Friday, October 19, 2012

Poll-vaulting to debate glory

First we all watched the first debate and stood gaping as Obama's lead vanished in the aftermath. Then we learned that Obama's poll slide had in fact started about a week prior.

Next, we watched Obama win the second debate and held our breath for a bounce in the polls. Now, Jonathan Bernstein avers casually that the race is  "slightly trending towards Obama, perhaps beginning after the second debate or perhaps a bit before that."

A bit before...a new theory presents itself unbidden!  Whichever candidate is starting to rise in the polls outperforms in the debate.

The candidates personally are as much in the grip of campaign "fundamentals" as political scientists tell us the race itself is. The workings of their minds and bodies are pulled by electoral tides as surely as we are all subject to gravity. Or poll--arity.

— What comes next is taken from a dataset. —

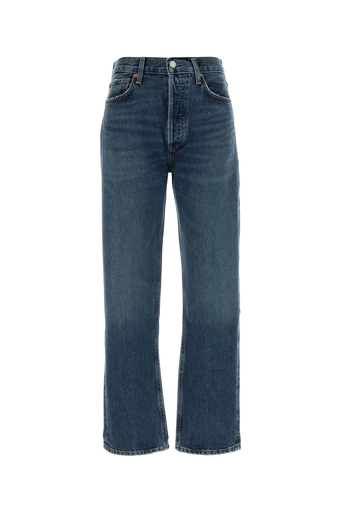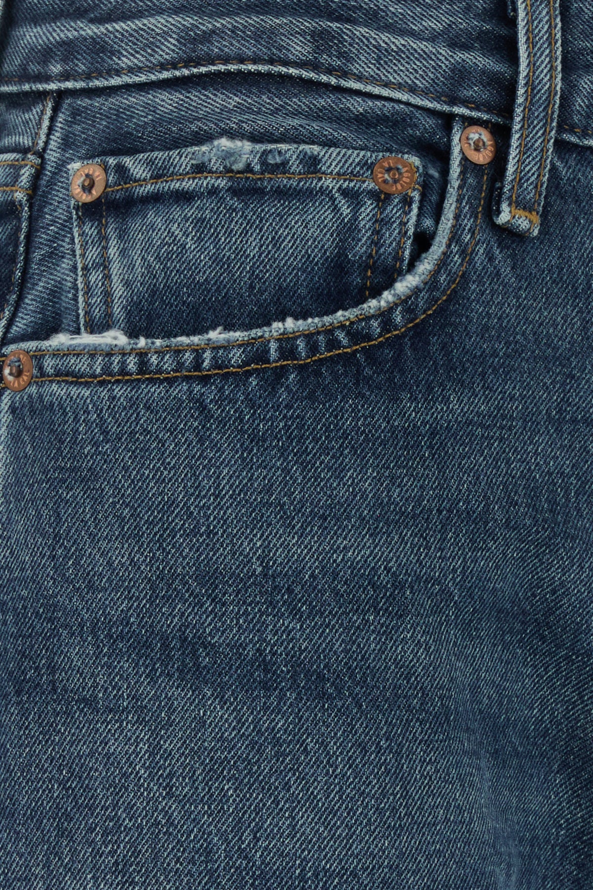 Jeans realizzati in denim di puro cotone slavato e leggermente sdrucito.
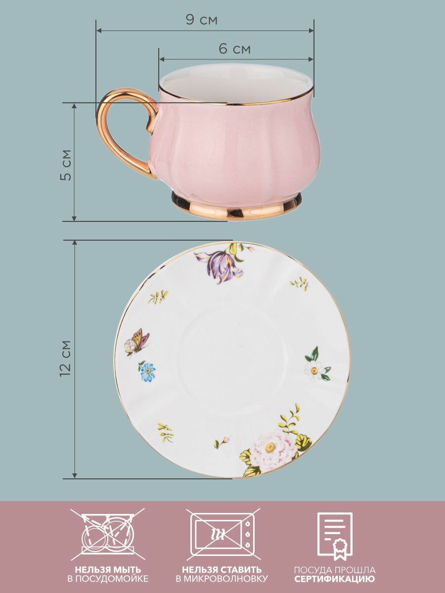 Кофейный набор Lefard "Пинк" на 6 персон 12 предметов: чашка кофейная из фарфора 100 мл с блюдцем 6 шт информация:

Okay, maybe not. Sounds compelling, though, doesn't? I mean compolling.

1 comment:

  1. The fact that we got such a huge swing after the first debate (or around it), and much less after the second debate, makes me believe what a member of Obama's team (Plouffe I think?) said: many of the voters that swung toward Romney after the first debate were Republican-leaners. They were only looking for an opportunity to support Romney and probably would have supported him at one point or another.

    So we probably got one huge swing, rather than a slow trickle towards Romney. This is about where the race should be: Obama +1 or +2, maybe tied. Obama barely holding on to the Pennsylvania/Wisconsin/Nevada triumvirate, with Iowa and Colorado being tossups and the others (Virginia, NC, Florida) leaning Romney.